● **AIM OF THE EXERCISE**
The whole listing, please: repeat it exactly, with the pictures left out.

*** Opening of DATASET SECTION ***

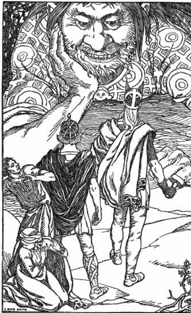
"I AM THE GIANT SKRYMIR" (page 150)

♣ ♣ ♣ IN THE DAYS OF GIANTS ♣ ♣ A BOOK OF NORSE TALES BY ABBIE FARWELL BROWN ♣ ♣ WITH ILLUSTRATIONS BY E. BOYD SMITH ♣ ♣
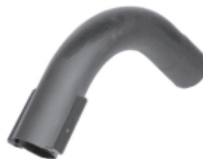
Figure 1 - 90° Heat Exchanger Elbow ("L" Tube) in Option UC2 Package -- See page 2 for illustration of reflector pieces

*** Close of DATASET SECTION ***

● **TASK RESULT**
"I AM THE GIANT SKRYMIR" (page 150)

♣ ♣ ♣ IN THE DAYS OF GIANTS ♣ ♣ A BOOK OF NORSE TALES BY ABBIE FARWELL BROWN ♣ ♣ WITH ILLUSTRATIONS BY E. BOYD SMITH ♣ ♣
Figure 1 - 90° Heat Exchanger Elbow ("L" Tube) in Option UC2 Package -- See page 2 for illustration of reflector pieces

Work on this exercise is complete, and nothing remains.